Dexter Boniface

Archive for the ‘Chile’ Category

Elections in South America in 2009: Chile, Bolivia and Uruguay

In Bolivia, Chile, Elections, Human Rights, Uruguay on January 17, 2010 at 12:00 am

Chile Votes  (Dec. 11, 2009; Jan. 17, 2010). The Chilean election pitted moderate conservative businessman–and self-made billionaire–Sebastián Piñera against the Concertación candidate and former president (1994-2000) Eduardo Frei. Chile’s wildly popular incumbent, Michelle Bachelet, was ineligible for immediate re-election. Piñera led the way in the first round of voting (Dec. 11th) but failed to secure an outright majority. A united left might have posed a challenge for Piñera, but Enriquez-Ominami (MEO), a charismatic socialist who finished in third place in the first round of voting, was slow to endorse Frei, stating “Eduardo Frei and Sebastian Piñera are too much alike.” Piñera went on to defeat Frei with 52% of the vote in the run-off election on January 17th.

Chile: Human Rights in the Spotlight. As in Uruguay (see below), human rights issues have  come to the fore during the election. On the eve of the first round vote, a Chilean court charged several Pinochet-era officials with the murder of former president (1964-1970) Eduardo Frei Montalva, father of the current candidate of the same name (Piñera’s campaign questioned the timing of the indictment). Piñera is expected to favor reconciliation over prosecution. It remains to be seen if Piñera will uphold Chile’s “post-Pinochet moral legacy.”

Bolivia Votes (Dec. 6, 2009). By virtue of Bolivia’s new constitution (approved in Jan. 2009 after a bitter internal struggle), President Evo Morales became eligible for a second five-year term (he was elected to his first term in 2005).  Morales easily won re-election  with 63% of the vote. Furthermore his party, Movement Toward Socialism, won a strong majority in both houses of Congress.

Uruguay Votes (Oct. 25, 2009; Nov. 29, 2009). The first round of Uruguay’s presidential election featured three main candidates: Pedro Bordaberry of the Colorado Party (and son of a former Uruguayan dictator), former President (1990-1995) Luis Alberto Lacalle of the center-right National Party and ex-Tupamaru guerrilla José “Pepe” Mujica of the ruling and left-leaning Broad Front coalition. In the first round of voting, the mercurial Mr Mujica got about 48 percent of the votes compared to 30 percent for Lacalle.

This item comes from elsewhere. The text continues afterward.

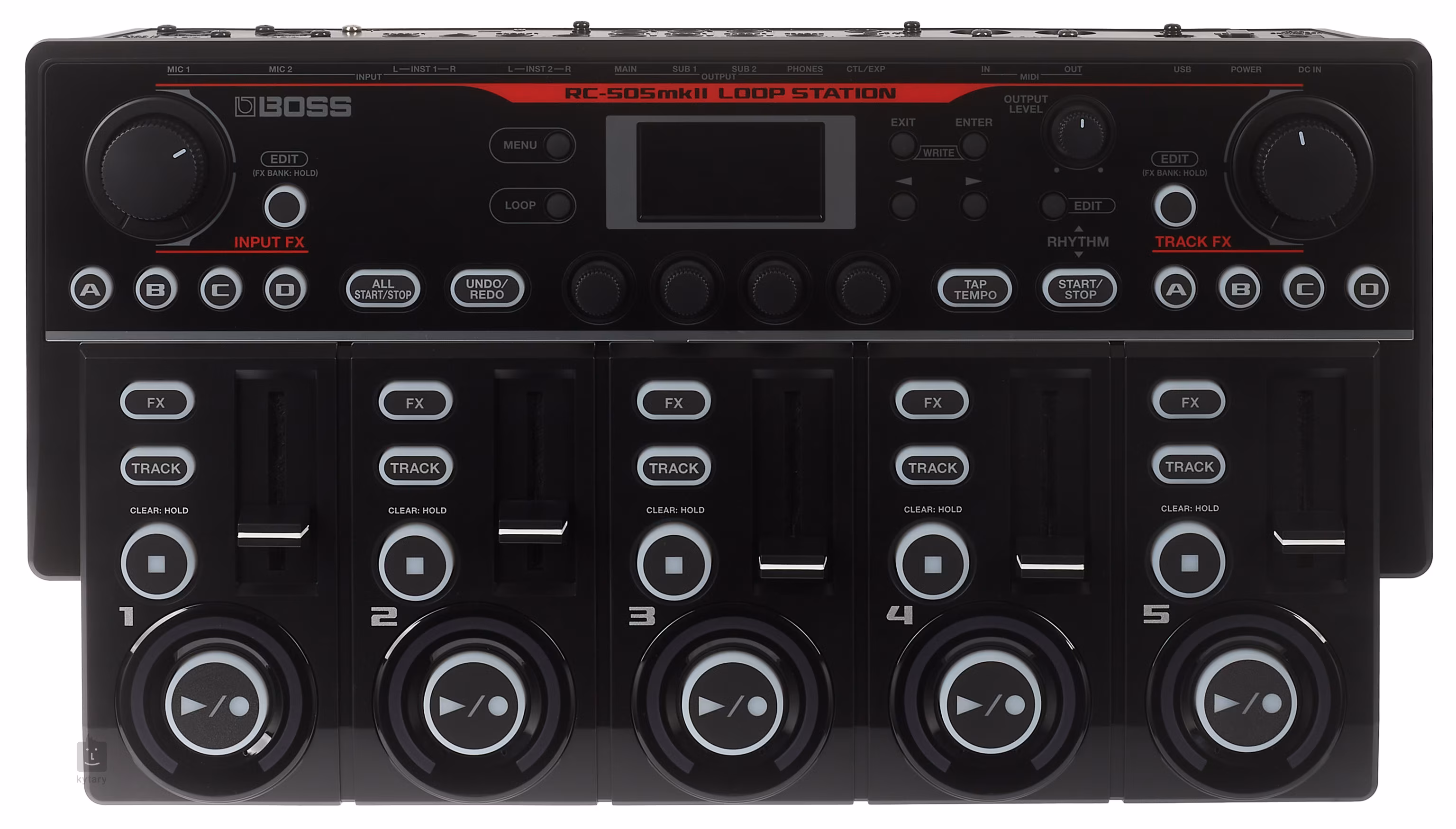 • Sterowanie Track 1-5, Mic/Inst Level, Output Level, Effects On/Off, Tap Tempo, Rhytm On/Off, Memory/Value, Write

Mujica wins. The second round of voting took place on Nov. 29. Mujica carried the day with over 50 percent of the vote. He is expected to continue the moderate left policies of current President Tabare Vazquez. He will take office on March 1, 2010.

Uruguay: Human Rights in the Spotlight. The Uruguayan election takes place amid a series of landmark prosecutions for human rights abuses that occurred during the 1973-1985 military regime. Gregorio Alvarez, the last of Uruguay’s dictators, was recently sentenced to 25 years in prison for his participation in the murderous “Operation Condor.” Candidate Pedro Bordaberry’s father, Juan Maria Bordaberry, is currently under house arrest on similar charges (the 81-year old Bordaberry was eventually sentenced to 30 years in prison). Furthermore, the Supreme Court recently ruled that an amnesty law passed in 1986 (and reaffirmed by plebiscite in 1989) is unconstitutional. Voters went to the polls in October to decide if the amnesty should be rescinded, but only 42 percent supported the measure.